## Step 1: Define the symbolic representation of the variables
The variables are 'hours worked by Peggy', 'hours worked by Bobby', and 'hours worked by John', which can be represented symbolically as $x_0$, $x_1$, and $x_2$ respectively.

## Step 2: Convert the given problem into a symbolic representation
The objective function to minimize is $7.79x_0^2 + 1.47x_0x_2 + 6.87x_1^2 + 8.03x_1x_2 + 4.71x_2^2 + 9.57x_0 + 3.55x_1 + 4.7x_2$.
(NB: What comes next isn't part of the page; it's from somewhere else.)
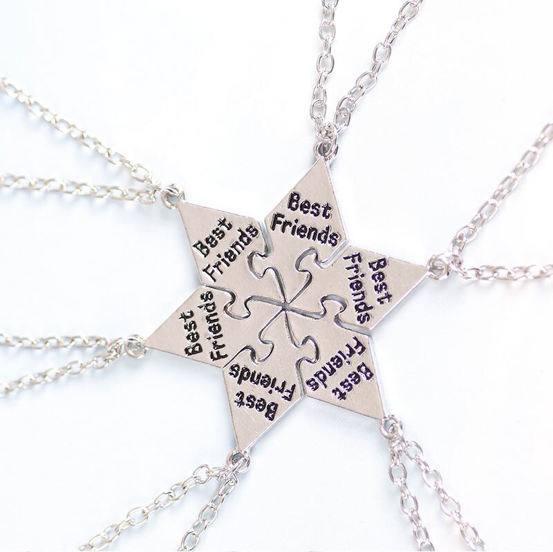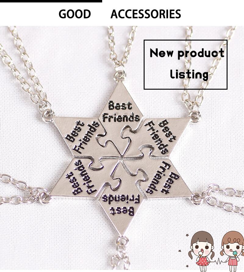 送料無料 6ピース親友ネックレス六角形の手紙ペンダントbffチョーカー男性と女性友情ネックレスジュエリーアクセサリー レース AE335677719030103496

## 3: List the constraints
1. $12x_0 \leq 295$ (Peggy's computer competence rating constraint, but it seems this is an attribute and not directly a constraint on $x_0$),
2. $9x_0 \leq 248$ (Peggy's organization score constraint),
3. $29x_1 \leq 295$ (Bobby's computer competence rating constraint),
4. $7x_1 \leq 248$ (Bobby's organization score constraint),
5. $26x_2 \leq 295$ (John's computer competence rating constraint),
6. $28x_2 \leq 248$ (John's organization score constraint),
7. $12x_0 + 29x_1 \geq 44$ (total combined computer competence rating from $x_0$ and $x_1$),
8. $12x_0 + 26x_2 \geq 72$ (total combined computer competence rating from $x_0$ and $x_2$),
9. $29x_1 + 26x_2 \geq 55$ (total combined computer competence rating from $x_1$ and $x_2$),
10. $12x_0 + 29x_1 + 26x_2 \geq 55$ (total combined computer competence rating from $x_0$, $x_1$, and $x_2$),
11. $9x_0 + 7x_1 \geq 61$ (total combined organization score from $x_0$ and $x_1$),
12. $9x_0^2 + 28x_2^2 \geq 61$ (total combined organization score from $x_0^2$ and $x_2^2$),
13. $9x_0 + 7x_1 + 28x_2 \geq 53$ (total combined organization score from $x_0$, $x_1$, and $x_2$),
14. $8x_0 - 3x_2 \geq 0$ (constraint on $x_0$ and $x_2$),
15. $12^2x_0^2 + 26^2x_2^2 \leq 129$ (total combined computer competence rating from $x_0^2$ and $x_2^2$),
16. $12^2x_0^2 + 29^2x_1^2 \leq 214$ (total combined computer competence rating from $x_0^2$ and $x_1^2$).

## 4: Correct and simplify constraints based on problem description
Upon closer inspection, constraints 1 through 6 seem to describe attributes rather than constraints. The actual constraints from the problem description should directly relate to the variables $x_0$, $x_1$, and $x_2$.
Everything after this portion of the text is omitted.